Information provided =>
-=-=-=-=-
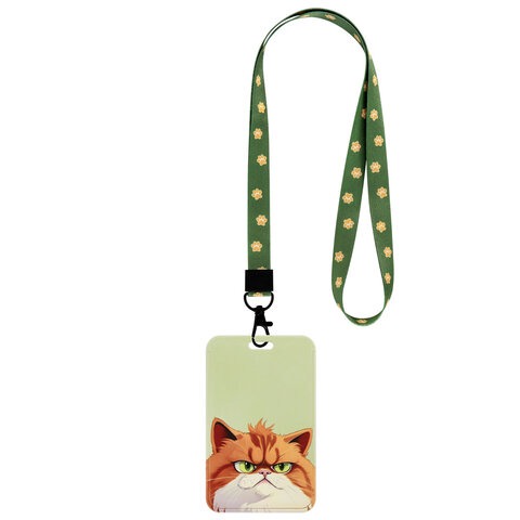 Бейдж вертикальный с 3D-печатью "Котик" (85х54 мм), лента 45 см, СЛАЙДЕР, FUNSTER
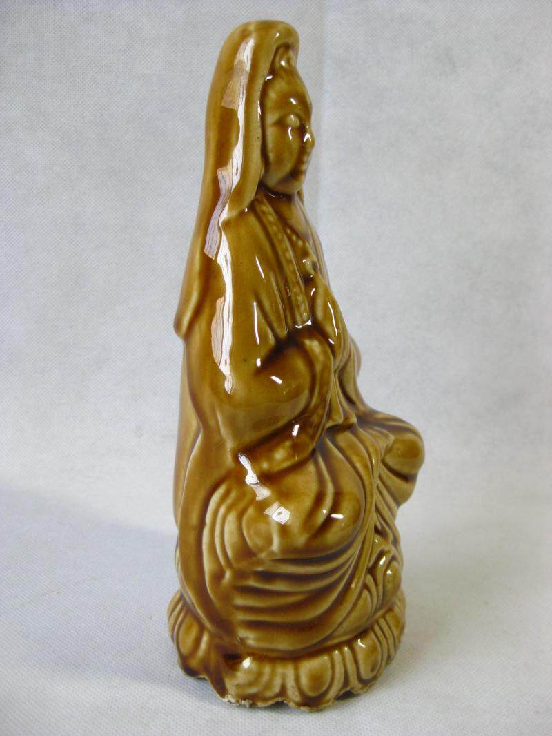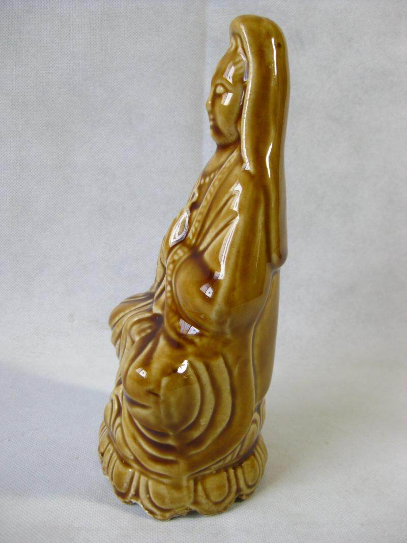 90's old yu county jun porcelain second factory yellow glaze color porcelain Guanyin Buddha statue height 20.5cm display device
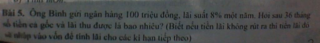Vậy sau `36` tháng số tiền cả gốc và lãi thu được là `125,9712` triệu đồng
-=-=-=-=-
An exact reproduction of the lines from the line containing "90's old yu" through the end of the listing above is needed; pictures stay out.

 90's old yu county jun porcelain second factory yellow glaze color porcelain Guanyin Buddha statue height 20.5cm display device
Vậy sau `36` tháng số tiền cả gốc và lãi thu được là `125,9712` triệu đồng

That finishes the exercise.